Step 303, performing object detection on the image to be detected to determine the detection frame information included in the image to be detected and the second probability of the class to which the object in the detection frame belongs.

And 304, under the condition that the first probability is the probability that the image to be detected belongs to each scene, determining the maximum probability from the first probabilities.

And 305, under the condition that the maximum probability is smaller than the first threshold, updating the second probability corresponding to each detection frame according to the maximum probability to obtain a third probability corresponding to each detection frame.

And step 306, generating a detection result corresponding to the image to be detected according to the third probability corresponding to each detection frame.
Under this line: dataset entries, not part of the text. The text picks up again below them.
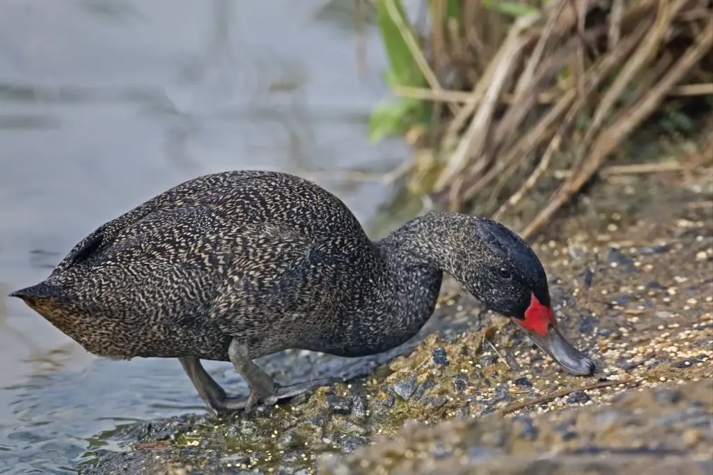 A medium-sized duck with dark grey to black plumage covered in fine white speckles, giving a ‘freckled’ appearance. Bill, legs and feet are slate grey. Males develop a reddish base to the bill (culmen) during breeding season; the deeper the red, the higher the dominance or breeding condition. Juveniles are pale grey and lack speckling until their first full moult at around 32 weeks.
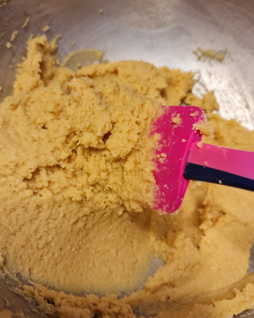 Разбийте маслото с кето карамела, много добре. Добавете яйцата едно по едно, като разбивате добре след всяко. В купа смесете добре пресятото брашно с бакпулвера, хуска и солта. Добавете на части към маслената смес. Ще получите относително гъсто маслено тесто. Последно добавете маслата от канела и карамфил. Разбъркайте.
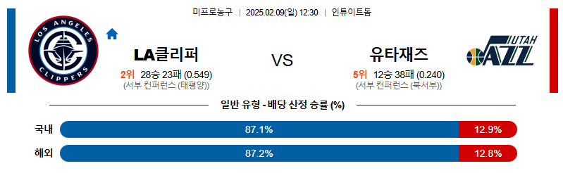 LA클리퍼스 대 유타 NBA 02월09일 맞대결 생중계, 스포츠중계, 스포츠분석
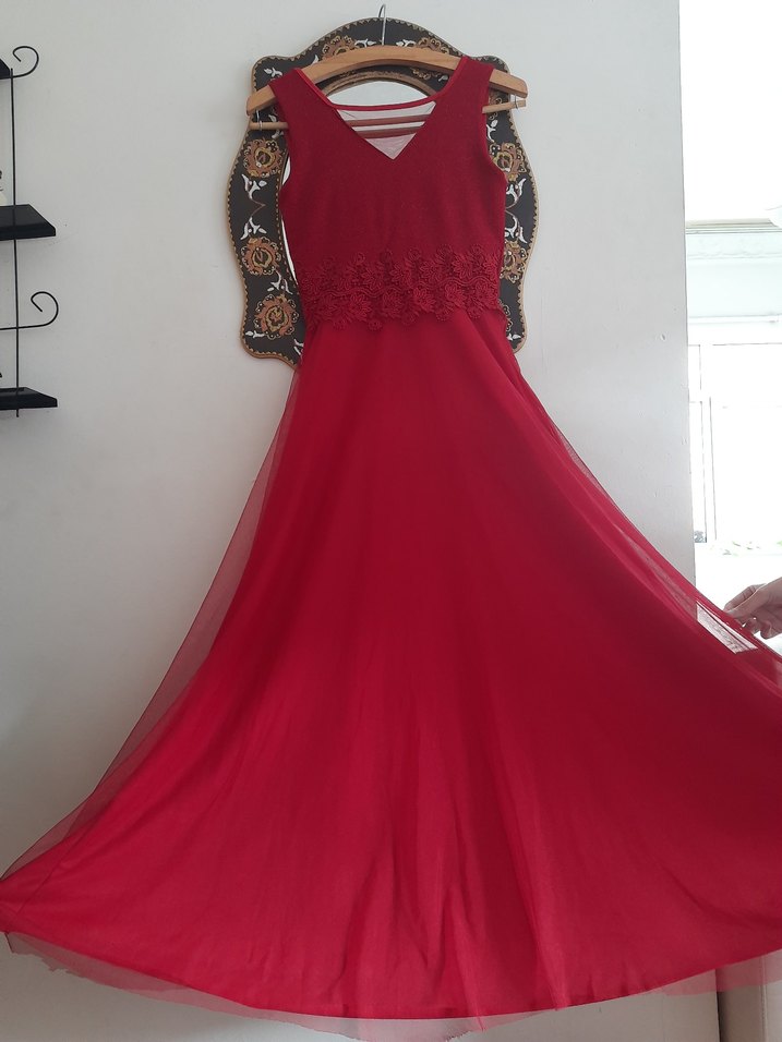 Klasik Kırmızı Nakışlı Uzun Abiye Elbise

In the present disclosure, steps 301 to 306 are similar to those described in the above embodiments, and therefore are not described herein again.

And 307, under the condition that the maximum probability is greater than or equal to the first threshold, generating a detection result corresponding to the image to be detected according to the detection frame information and the class to which the object in the detection frame belongs.

In the disclosure, the image to be detected belongs to a scene corresponding to the maximum probability in the first probabilities of the scenes, and the scene to which the image to be detected belongs may be considered, and when the maximum probability is greater than or equal to the first threshold, the scene to which the image to be detected belongs may be considered to have appeared in the training set, and at this time, the detection result of the image to be detected may be generated directly according to the detection frame information obtained by performing the object detection on the image to be detected and the category to which the object in the detection frame belongs.

Therefore, when the scene to which the image to be detected belongs is a scene appearing in the training set, the detection result is generated directly according to the detected detection frame information and the class to which the object in the detection frame belongs, and the detection accuracy is improved.

For example, there are 4 scenes a1, a2, A3, and a4, the first probabilities that a certain to-be-detected image b belongs to each scene are 0.8, 0.6, 0.5, and 0.5, respectively, the to-be-detected image b includes 3 detection frames, the first probability that the to-be-detected image b belongs to the scene a1 is 0.8, which is the maximum probability, and is greater than the first threshold value 0.7, and then the detection result of the to-be-detected image b can be generated according to the detected 3 detection frames and the category to which the object in each detection frame belongs.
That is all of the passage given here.